When I had my worst nervous breakdown, I ended up taking myself into A&E to report to the duty psychiatrist. I hadn't been able to help myself up until that point, all sorts of barriers stood in the way such as phoning to make an appointment or actually getting myself out of the flat to go and face the prying eyes in the waiting room. Taking yourself into A&E is an acceptable route and is far more discreet and immediate than just about every other route. And it was the best thing I ever did - I got straight into the heart of the local mental health services; no 16 month waiting list for therapy. They told me I was more ill than I was admitting and it probably saved my life.

When I tell people about this they tell me I was brave.
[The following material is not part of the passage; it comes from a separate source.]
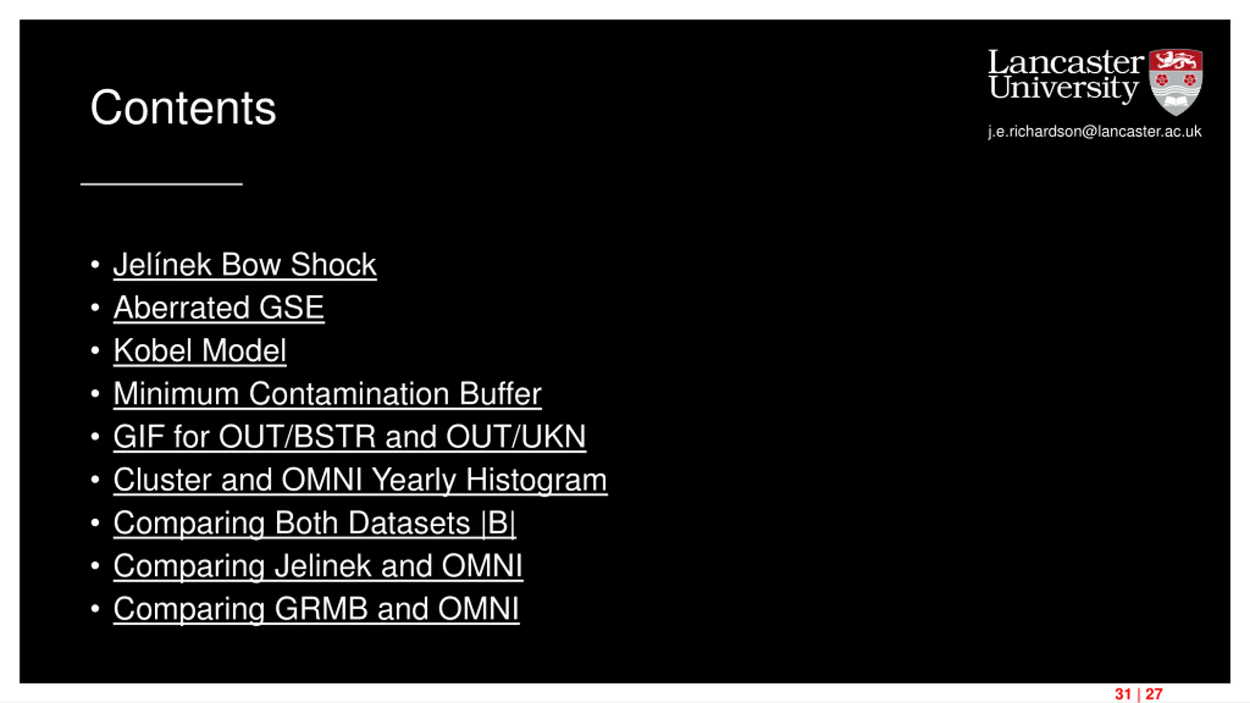 Contents j.e.richardson@lancaster.ac.uk Jel nek Bow Shock Aberrated GSE Kobel Model Minimum Contamination Buffer GIF for OUT/BSTR and OUT/UKN Cluster and OMNI Yearly Histogram Comparing Both Datasets |B| Comparing Jelinek and OMNI Comparing GRMB and OMNI 31 | 27

I wasn't; it was survival. 

Talking about my depression publicly isn't brave, it's my coping mechanism. I'm aware that it worries some people and others find it difficult to read, but it's not about them, it's about me. For too long I hid my experiences because I didn't want to upset anyone or cause anyone to look too closely; I'd learnt not to talk, that I'd be judged, and in the long run that only did more damage. Would you ask someone with a physical disability to not talk about it or otherwise hide it from you, because it makes you uncomfortable? What sort of person would that make you? 
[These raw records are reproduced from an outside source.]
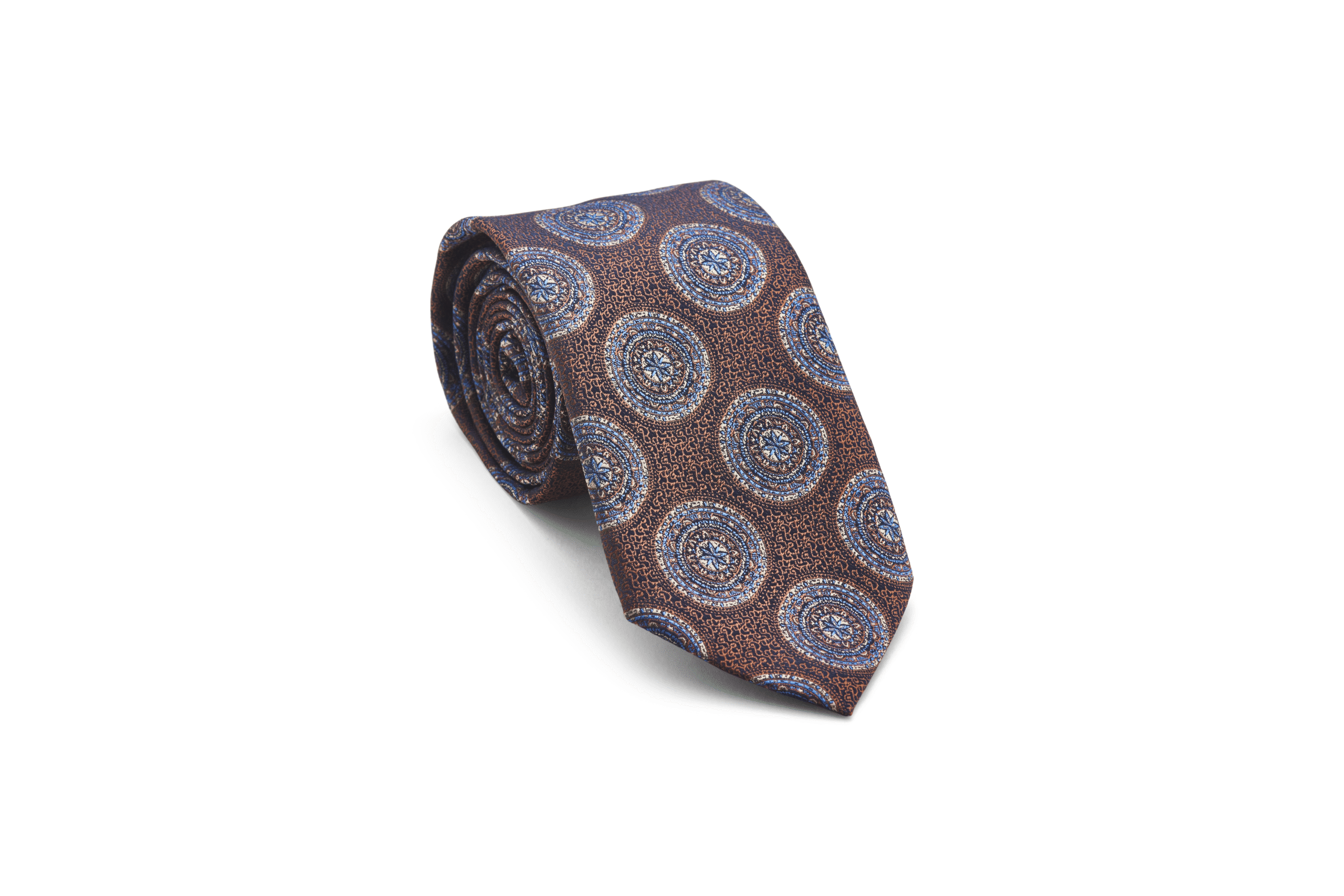 100% Jacquard Silk, 7.5 x 150 cm, Light Brown base, Blue-White, Trendy, Chic Pattern.
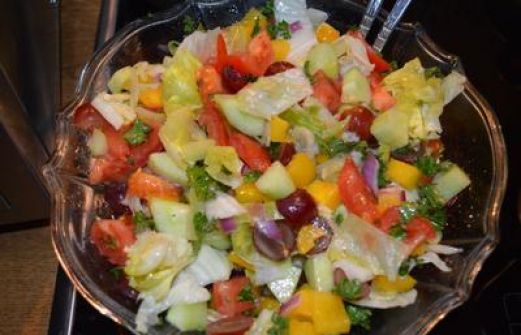 Zutaten für Personen Bild einstellen 0.5 Kopf Eisbergsalat frisch 0.5 Stk. Gemüsepaprika gelb frisch 1 Stk. Salatgurke klein 2 Stk. Tomaten frisch 1 Bund Petersilie kraus frisch 1 Rebe Weintraube rot frisch 0.5 Tasse [...]
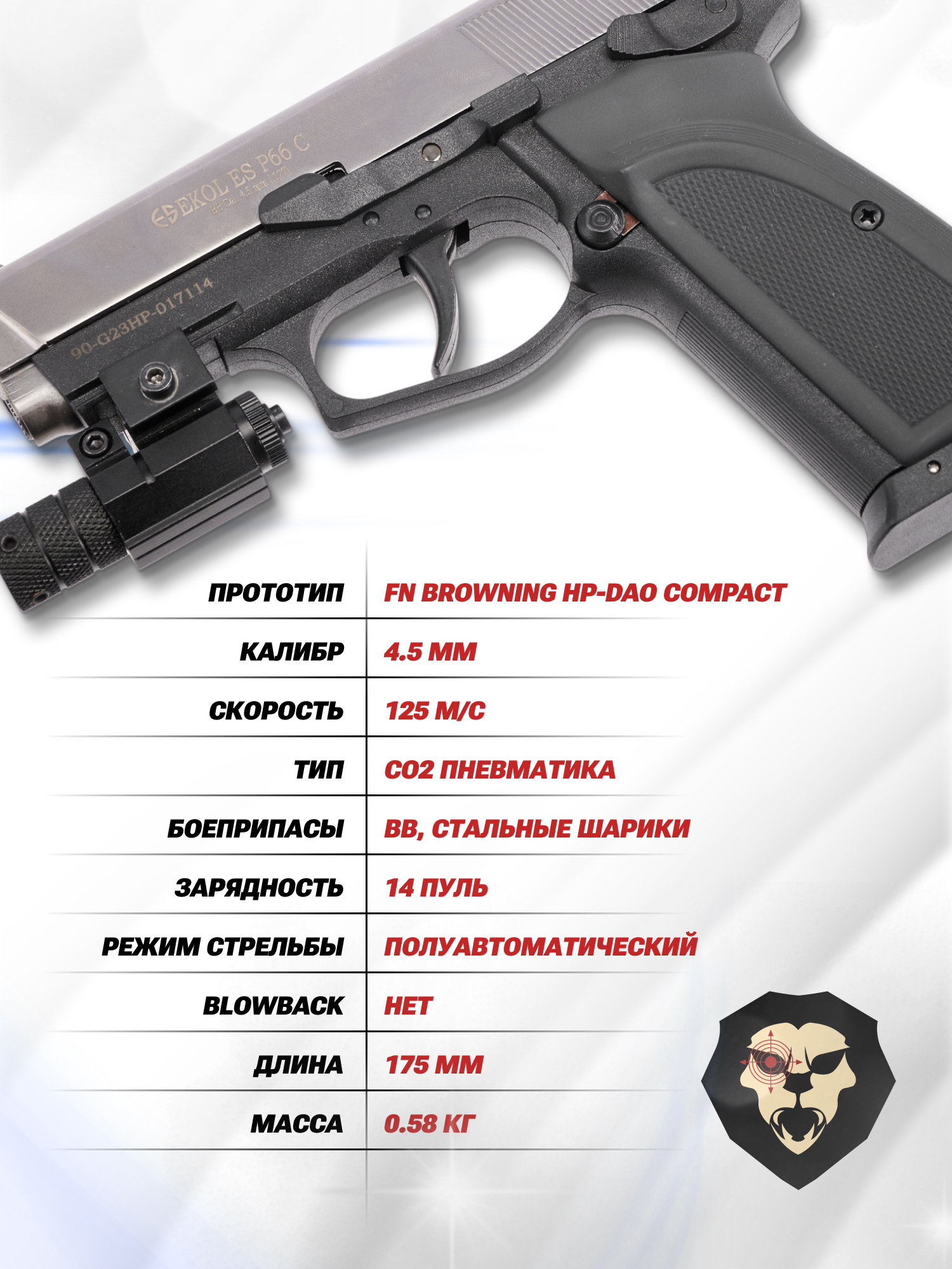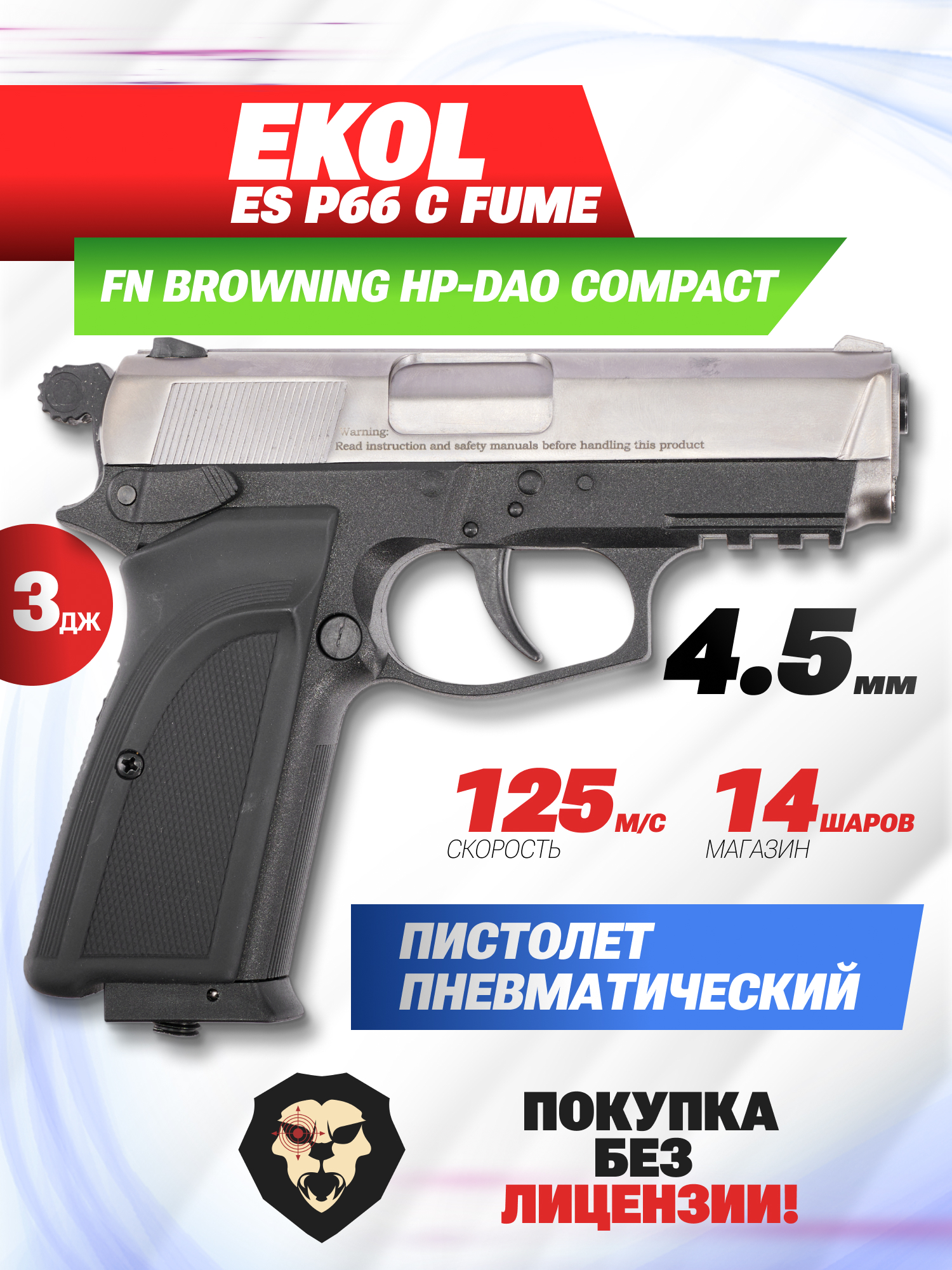 Пневматический пистолет Ekol ES P66 С Fume 4.5 мм (HP-DA Compact, никель) купить в интернет-магазине Popadiv10.

The reason people may find the truth about depression difficult is because it's not normal enough. It is normal to many, many people, and that's exactly why I won't hide it anymore or be made to feel guilty for imposing my emotions.

When I talk about what's going on in my head, I need to be able to say what needs to be said without judgement or misunderstanding. Empathy is a wonderful thing and helps build support, but sympathy doesn't always sit so well. I need to be able to say that the black dog is descending in the same way someone talks about the onset of a frozen shoulder.
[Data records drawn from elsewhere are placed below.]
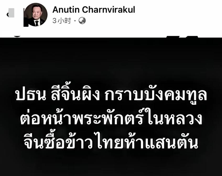 泰国总理阿努廷发帖,直言泰王谈成了50万吨泰国大米的买卖,纪念中泰建交50周年,
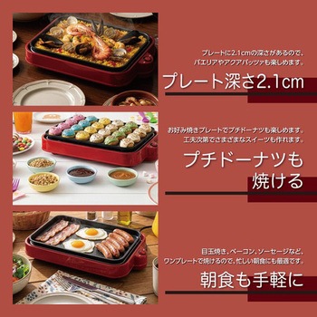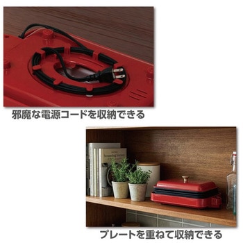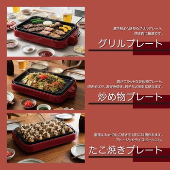 食卓が華やぐレッドボディ、グリルプレート、たこ焼きプレート、炒めものプレートと3種のプレートがセットになったホットプレートです。プレートは3枚重ねて、電源コードは本体裏に収納できるので、収納もスッキリ。サーモスタッド、温度ヒューズの安全装置を備え、操作はON/OFFだけの簡単操作で誰にでも使いやすい仕様です。
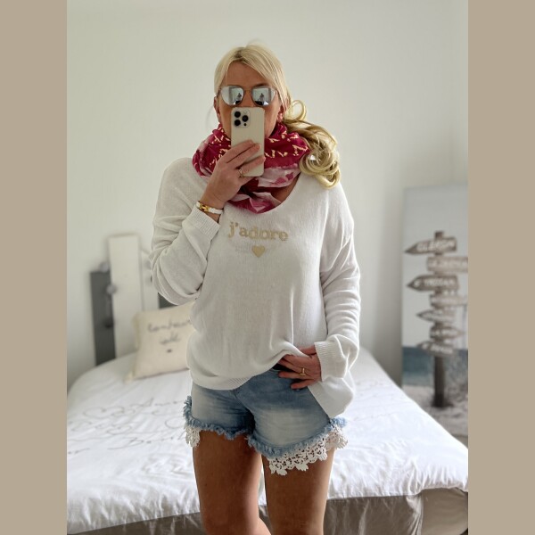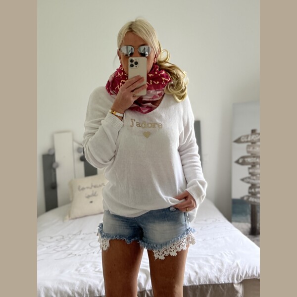 Pull oversize j’adore blanc

And in my mind, that's what we need to do. Talking about it can be incredibly bloody difficult and we all need support to do it more, not less. I'm not going to judge anyone who chooses not to share because we all make that personal choice and it usually comes from a history of judgement and stigmatisation, and I know all too well how that feels. But if we're going to address mental health properly then we need to change attitudes towards it, and that starts with the language we use.

eta/ once comment I've received privately suggest that being brave and not being brave aren't binary... and I'd tend to agree. Except that's the language we use, and it adds up to why I think the word brave is troubling. Comments I've received elsewhere use this exact language - that they're not brave enough to speak up - and I'd rather hear that it's not their time or not their way, or that they're not ready yet.